How exactly does Perl handle operator chaining?

Question

So I have this bit of code that does not work:

print $userInput."\n" x $userInput2; #$userInput = string & $userInput2 is a integer

It prints it out once fine if the number is over 0 of course, but it doesn't print out the rest if the number is greater than 1. I come from a java background and I assume that it does the concatenation first, then the result will be what will multiply itself with the x operator. But of course that does not happen. Now it works when I do the following:

$userInput .= "\n";
print $userInput x $userInput2;

I am new to Perl so I'd like to understand exactly what goes on with chaining, and if I can even do so.

Answer 1

You're asking about operator precedence. ("Chaining" usually refers to chaining of method calls, e.g. $obj->foo->bar->baz.)

The Perl documentation page perlop starts off with a list of all the operators in order of precedence level. x has the same precedence as other multiplication operators, and . has the same precedence as other addition operators, so of course x is evaluated first. (i.e., it "has higher precedence" or "binds more tightly".)

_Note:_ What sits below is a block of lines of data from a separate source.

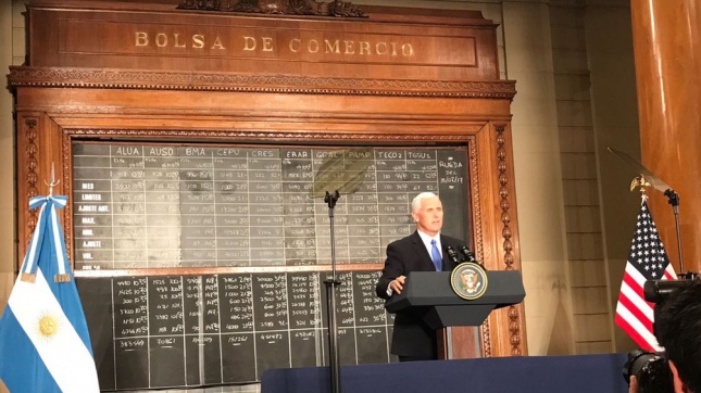 El vicepresidente de Estados Unidos, Mike Pence, afirmó esta tarde en su discurso en la Bolsa de Comercio que «el liderazgo del presidente (Mauricio) Macri trajo reformas audaces que devolvieron la reputación a la Argentina en el mundo», y anunció que «pronto habrá un acuerdo» que beneficiará las exportaciones de cerdo a su país.
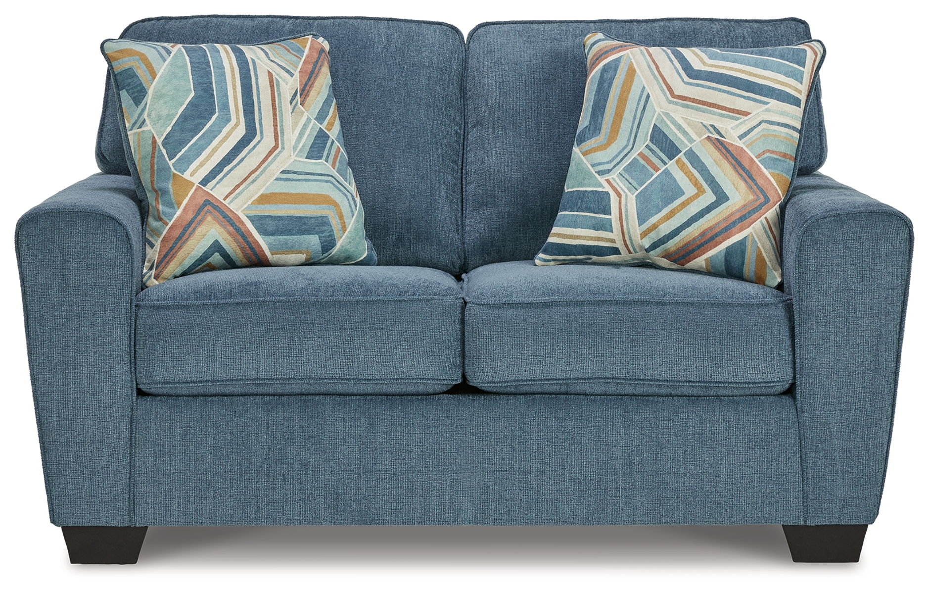 Need a simple style refresh? Liven up your living room essentials with this loveseat. A chunky silhouette holds invitingly ample cushioning you’ll long to lounge in. Crosshatched upholstery and accent pillows give the otherwise casual design a delightful visual texture that’s perfect for settings from classic to contemporary.
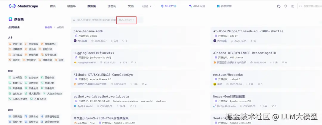 对了,微调要使用的数据集也可以到Model Scope下载,这里面有20943个不同种类的数据集。
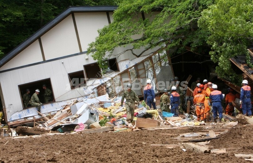 【6月18日 AFP】14日に発生した岩手・宮城内陸地震の際、土砂崩れで埋まった宮城県栗原市の旅館「駒の湯温泉」から18日、新たに女性1人の遺体が発見され、同地震による死者は11人になった。また、同日被災地を視察した福田康夫(Yasuo Fukuda)首相は、全力を挙げて支援することを被災者らに約束した。
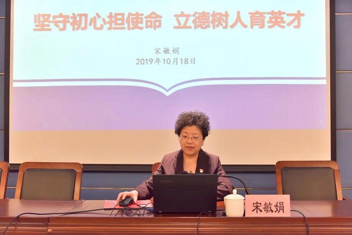 10月18日,宋敏娟以“坚守初心担使命、立德树人育英才”为题,为党委学工部及团委全体人员,各学院党总支副书记、副院长,专兼职辅导员讲党课。她从三方面深入浅出地讲解了“不忘初心、牢记使命”的历史逻辑、现实意义及实践路径,阐释了“不忘初心、牢记使命”的由来与立意,重点讲解了坚持“不忘初心、牢记使命”的必要性。她表示,要对标共产党人初心找差距,对照新时代中国特色社会主义思想和党中央决策部署、对照党章党规、对照人民群众新期待、对照先进典型和身边榜样,认真查找工作差距、有的放矢进行整改。她要求,要牢记守初心、担使命,全心全意为党育人、为国育才,为学生服务就是广大学生工作者的初心与使命、就是学生工作者为人民谋幸福的出发点与落脚点。
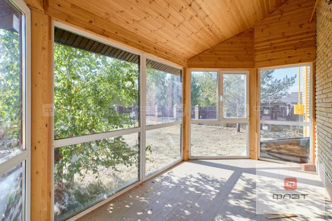 Из кухни выход в летнюю крытую веранду с панорамным остеклением. Здесь вы можете сделать летнюю обеденную зону или зимний сад. На заметку - идеальное место для весенней рассады. Есть выход на территорию двора.
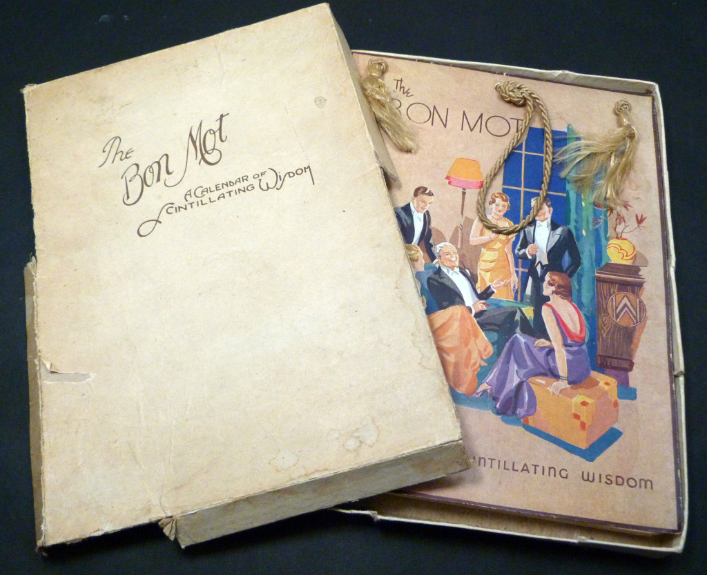 An unused witty 1936 calendar. The front cover showing a wit holding court to five Bright Young Things... The calendar is arranged as a week per page, with a motto above, for example: "Some pianists play from note, some from ear, and some from spite", or "The average man is proof enough that a woman can take a joke".
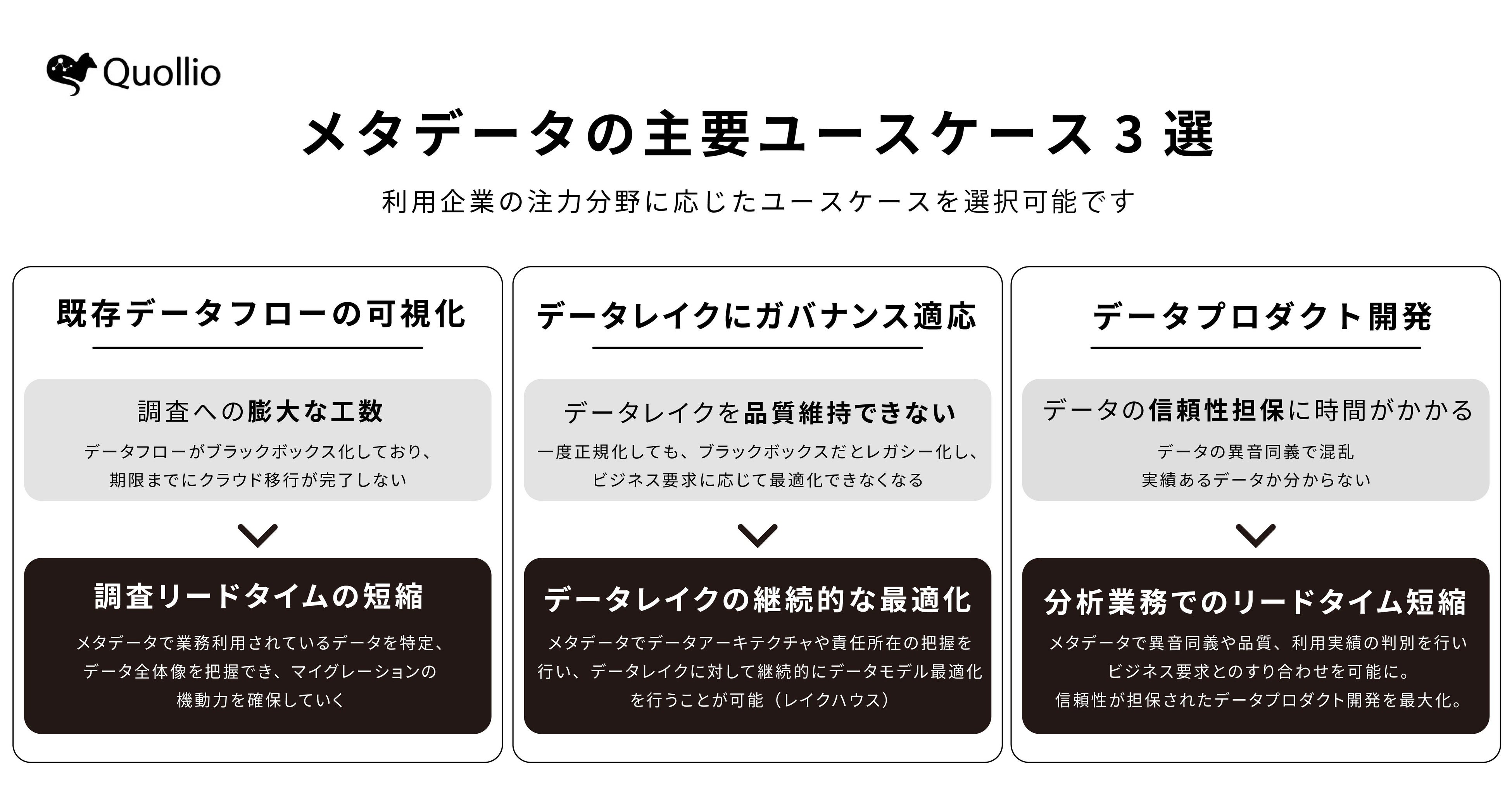 世界中の情報と知を繋げ、人々や企業が繋がり、新たな価値創造を促進する未来を築くことをミッションとしているデータテクノロジーパートナーです。Quollioは、メタデータ管理技術とソフトウェア開発力を軸に、企業のデータにまつわる経営課題を解決し、社会のデータ & AIからの価値創造を促進します。
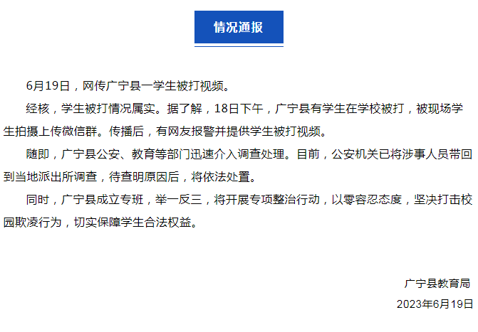 6月19日,网传“广东广宁一女学生在厕所遭校园暴力,被逼下跪磕头”引发网友关注。对此,广宁县教育局发布一则情况通报。
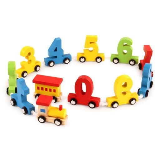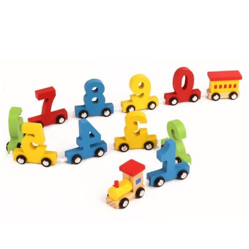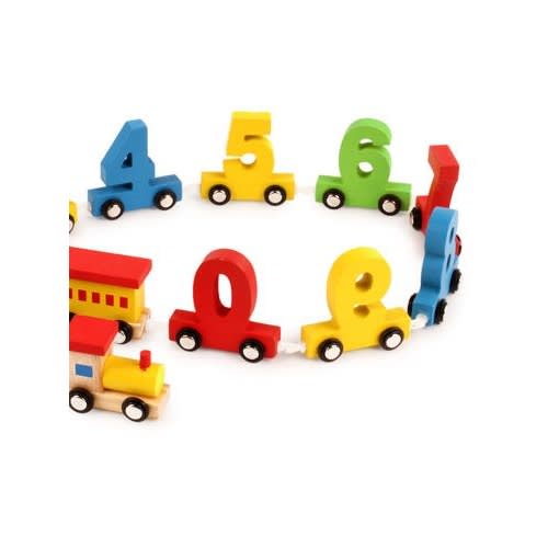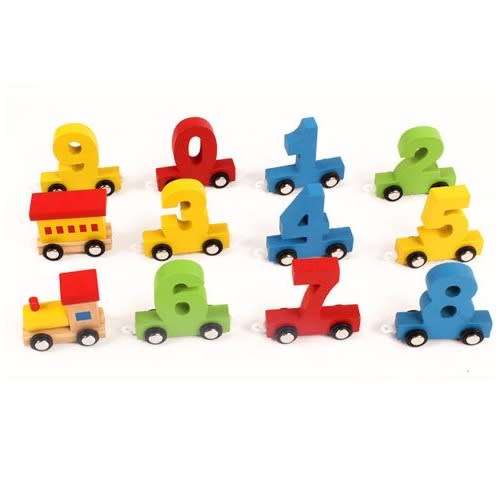 colorful 0-9 figures on top.Each train has 4 sliding wheels which glide
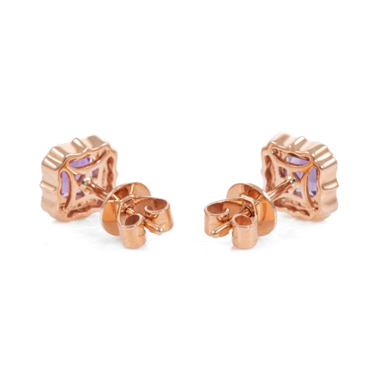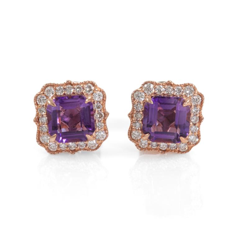 Amethyst and Diamond earrings with octagonal cut Natural Amethyst totalling 0.80cts and Natural round Diamonds totalling 0.15cts. 14ct rose gold. Weight: 1.7g. (New)
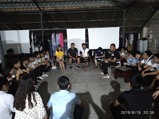 学生下班后,在学生住宿宾馆天台召开座谈会
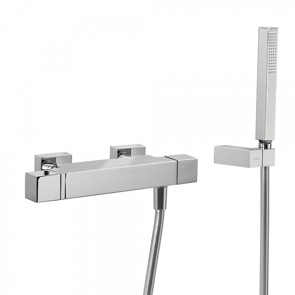A Tres több, mint 50 éves történelme során mindvégig ugyanazt a célt tartotta szem előtt: felhasználói igények kielégítése mindenki számára hozzáférhető termékekkel. A gyár folyamatos fejlesztésével igyekszenek kielégíteni a felhasználók változó igényeit, így szinte bárki megtalálhatja a hozzá és otthonához illő csaptelepeket, szaniter kiegészítőket. A Tres Cuadro-Tres falon kívüli termosztátos zuhanycsaptelep kézi zuhannyal 1071649 termékük kiváló ár-érték arányú, ámde minőségi termék, az európai szaniter piac méltó tagja.
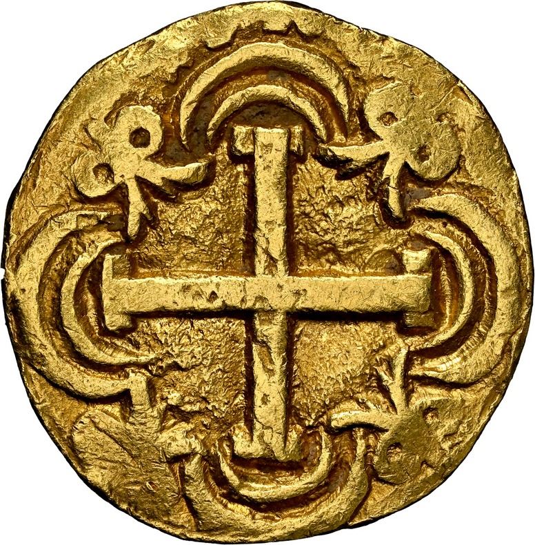 COLOMBIA, Bogotá, gold cob 4 escudos, Ferdinand VI, assayer not visible (S to right), mintmark FS to left (ca. 1750), NGC AU 58. Restrepo-M96.6; S-B27a; Cal-Type 117; Fr-12; KM-27. 13.44 grams. Choice full cross-and-tressure and shield (the latter slightly doubled) with very bold full F•S• to left, all well centered, with traces of light encrustation in crevices.
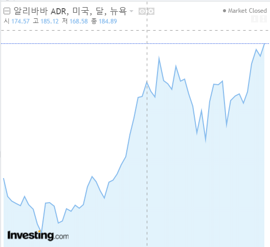 2) 주가 흐름(미국 시장 흐름) / 참고 - 알리바바는 최근 홍콩 증권거래소에도 상장되었음
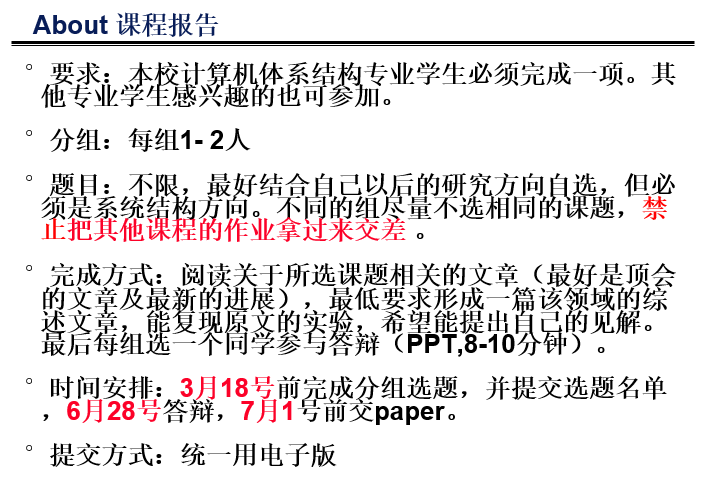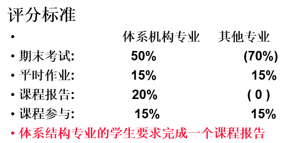 三次点名三次作业各占15分,体系结构专业同学还有20分的pre和50分的期末考试;非体系结构的同学只有一个期末考试占70分。老师上课基本就是念PPT,也不会和学生有什么互动。考试内容可以参考往年评价,基本都是那套祖传试题会有一两道新题,去西区买了资料的话考试成绩保底也能拿到8成;课程作业在网上搜一下就可以搜到,即使是自己做也都没有很难;点名的话还是很重要的,毕竟一次就5分,所以要选课的话最好还是来上课或者找个好兄弟轮着来。本人非体系结构专业所以对pre的难度和给分不太了解。考前把买的考试资料和作业整理了一遍,又从头看了一下GitHub上找到的前辈的课程笔记(事实证明性价比极低,其实只需要掌握资料上的那些题型就差不多足够了),在缺勤一次点名的情况下总评拿到了88,作为混子已经很满足了。
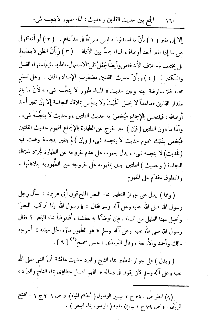 إلا أن تغير (1) بأن ما استدلوا به ليس صريحا فى مدعاهم. (2) أو أنه محمول على ما إذا تغير أحد أوصاف الماء جمعا بين الأدلة (3) وبأن الظن لا ينضبط بل يختلف باختلاف الأشخاص وايضا جعل ظن الاستعمال مناطا يستلزم استواء القليل والكثير. (4) وبأن حديث القلتين مضطرب الإسناد والمتن. وعلى تسليم صحته فلا معارضة بينه وبين حديث " الماء طهور لا ينجسه شئ" لأن ما بلغ مقدار القلتين فصاعدا لا يحمل الخبث ولا ينجس بملاقاة النجاسة إلا أن تغير أحد أوصافه، فيتنجس بالاجماع فيخص به حديث القلتين، وحديث لا ينجسه شئ. وأما ما دون القلتين (فإن) تغير خرج عن الطهارة بالاجماع لمفهوم حديث القلتين فيخص بذلك عموم حديث لا ينجسه شئ (وإن) لم يتغير بنجاسة وقعت فيه (فحديث) لا ينجسه شئ، يدل بعمومه على عدم خروجه عن الطهارة لمجرد ملاقاة النجاسة (وحديث) القلتين يدل بمفهومه على خروجه عن الطهورية بملاقاتها. والمنطوق مقدم على المفهوم.

As in Java you can resolve this with parentheses:

print(($userInput . "\n") x $userInput2);

Note that you need two pairs of parentheses here. If you'd only used the inner parentheses, Perl would treat them as indicating the arguments to print, like this:

# THIS DOESN'T WORK
print($userInput . "\n") x $userInput2;

This would print the string once, then duplicate print's return value some number of times. Putting space before the ( doesn't help since whitespace is generally optional and ignored. In a way, this is another form of operator precedence: function calls bind more tightly than anything else.

If you really hate having more parentheses than strictly necessary, you can defeat Perl with the unary + operator:

print +($userInput . "\n") x $userInput2;

This separates the print from the (, so Perl knows the rest of the line is a single expression. Unary + has no effect whatsoever; its primary use is exactly this sort of situation.